Australia became the first country to detail troop numbers and aircraft for a US-led coalition fighting Islamic State (IS) militants in Iraq, as Washington drums up support for global action to counter the terrorist threat.
Australia Prime Minister Tony Abbott yesterday said a 600-strong force comprising 400 air force personnel and 200 special forces soldiers would be deployed to a US military base in the United Arab Emirates.
A number of countries have responded to US President Barack Obama’s call to join a coalition against Islamic State, but Australia is the first to publicly provide specific troop numbers and military hardware for the mission.
Obama is leading an effort to form a coalition of Western allies and Gulf Arab states to take on the extremist group, whose savage methods have included beheading two US journalists and a British aid worker.
Abbott said along with the troops, Australia would send eight super hornet fighter jets, an early warning and control aircraft, and an aerial-refuelling aircraft.

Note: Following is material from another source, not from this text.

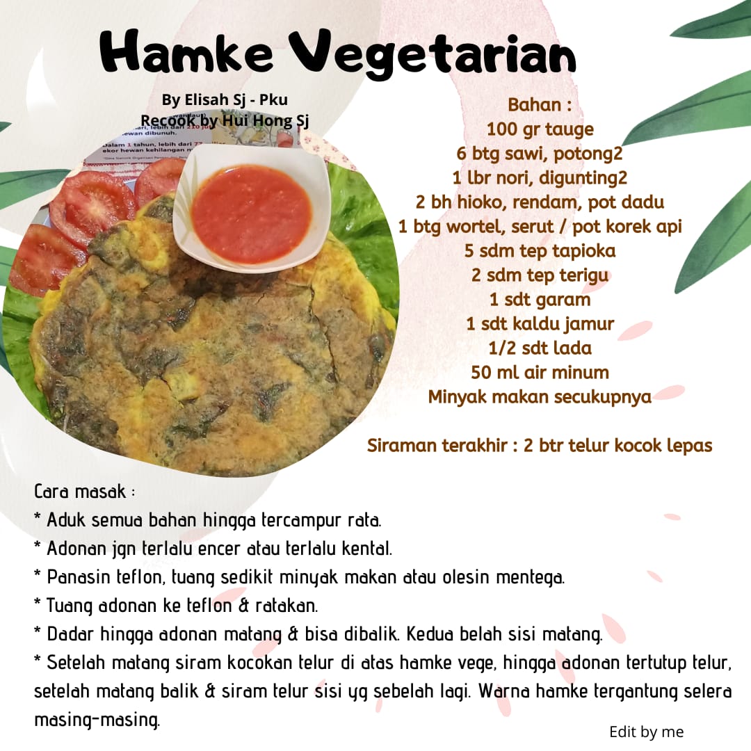 Sekilas hamke Vegetarian: hamke merupakan makanan khas dari daerah Bagansiapiapi , Riau khususnya dikalangan etnis Tionghoa. Buat sudah vegetaris dan kangen sama hamke.. ini nih resep bisa dicoba..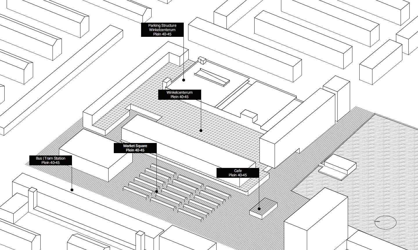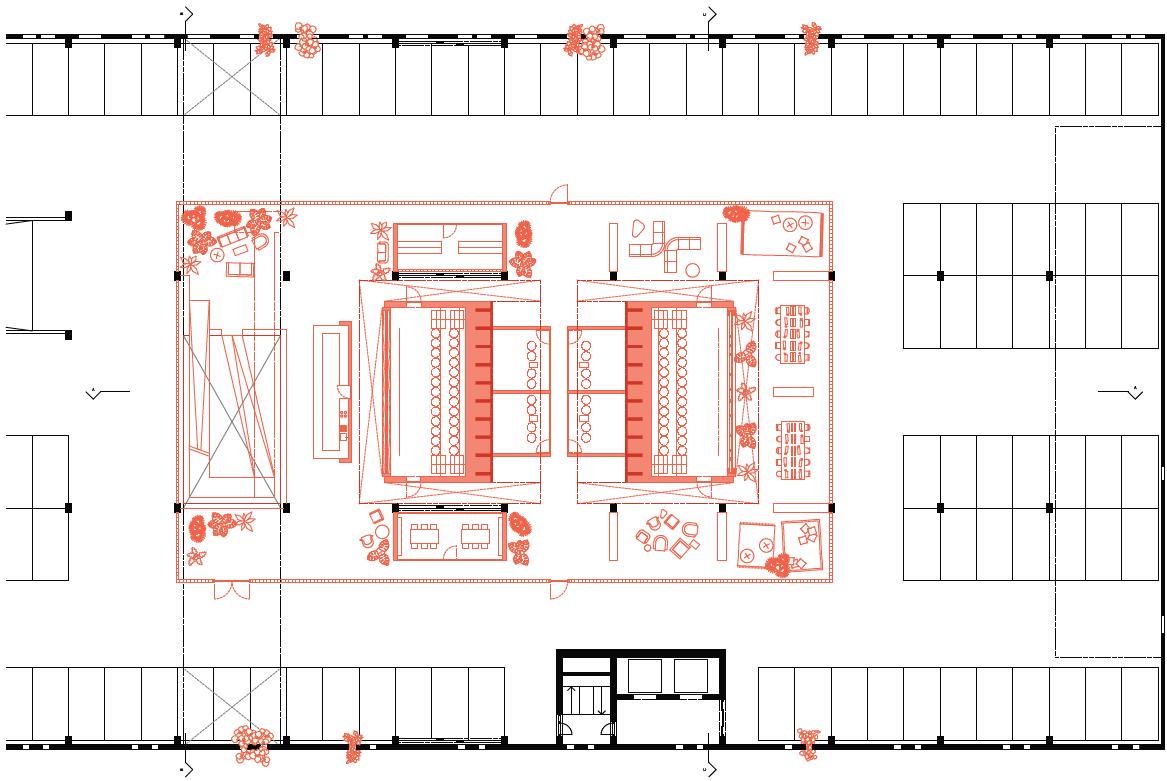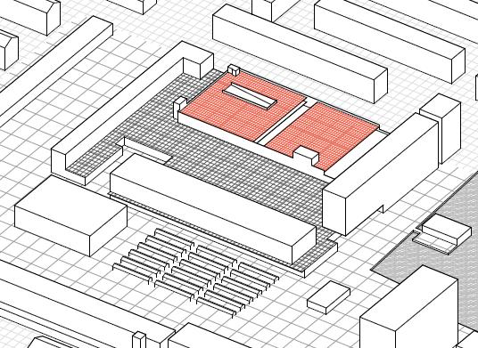 Moving people from the outdoor reality and into the cinema’s world of fantasy by creating a path through different layers. Each layer serves a function that draws the user closer to the cinema. From an outdoor garden to a library’s lounge to the cinema, all defined by spaces that are based/divided by the parking lot s grid, users feel that they’re being enclosed more and more as they reach the cinema. Once the user reaches the core (there will be two types of cinemas present 1. A normal cinema 2. a smaller/cozier cinema where users may lie down on the floor in small groups and watch a movie on the ceiling.

He said they would be deployed in the coming days.
A task group of military advisers to assist Iraqi and other security forces fighting the militants would form part of the deployment, but Abbott said he had not yet made the decision to commit troops to combat action.
“I have to warn the Australian people that should this preparation and deployment extend into combat operations, that this could go on for quite some time,” he told reporters in the northern city of Darwin.
Abbott said Australia did not intend to operate in Syria.
Obama announced his plans in a prime time address on Wednesday last week to build an alliance to root out Islamic State in both Syria and Iraq, plunging the US into two conflicts in which nearly every country in the Middle East has a stake.
US Secretary of State John Kerry is touring the Middle East to try to secure backing for the plan, and on Thursday won backing for a “coordinated military campaign” from 10 Arab countries — Egypt, Iraq, Jordan, Lebanon and six Gulf states, including rich rivals Saudi Arabia and Qatar.
However, a lack of detail on commitments from NATO allies and Turkey’s reluctance to play a frontline role have highlighted the difficulty of building a willing coalition for a complex military campaign.
Britain has said it supports US air strikes and British Prime Minister David Cameron has said repeatedly that Britain itself has ruled nothing out except combat troops on the ground.
Like Australia, Britain has delivered humanitarian aid, carried out surveillance, given weapons to Kurds and promised training in Iraq.
France has confirmed its commitment to use military force in Iraq, but it was unclear whether France would join strikes in Syria.
Germany has said it will not take part in air strikes.
US officials say Kerry is also seeking permission to make more use of bases in the region and fly more warplanes overhead.
The region has been galvanized since June, when Islamic State fighters, already in control of much of Syria, swept through northern Iraq, seizing cities, slaughtering prisoners and proclaiming a “caliphate” that would rule over all Muslims.
The White House says the group is a threat to the West as well, attracting fighters from around the world who could return to carry out attacks at home.
The US resumed air strikes in Iraq last month for the first time since the withdrawal of the final US troops from the country in 2011.
The raids followed major gains by Islamic State, which has declared an Islamic caliphate in areas it controls in Syria and Iraq, as well as a series of grisly videos showing the beheading of captured Westerners.
Islamic State stirred new outrage on Saturday with a video purporting to show the beheading of British aid worker David Haines.
Cameron called it “a despicable and appalling murder” and vowed to bring the killers to justice.
Describing the Islamic State as a “death cult,” Abbott said the beheadings had made him “more resolved than ever to do what we reasonably can to disrupt, degrade and if possible, destroy this movement”.
The Australian government on Friday raised its domestic terror alert to “high” for the first time, citing the likelihood of terrorist attacks by Australian citizens radicalized in Iraq or Syria.
Up to 160 Australians have either been involved in fighting there or actively supported it, officials said, and at least 20 have returned to Australia after fighting in the Middle East and pose a national security risk.
“These terrorists and would-be terrorists are not targeting us for what we have done, or for what we might do — they are targeting us for who we are,” Abbott said.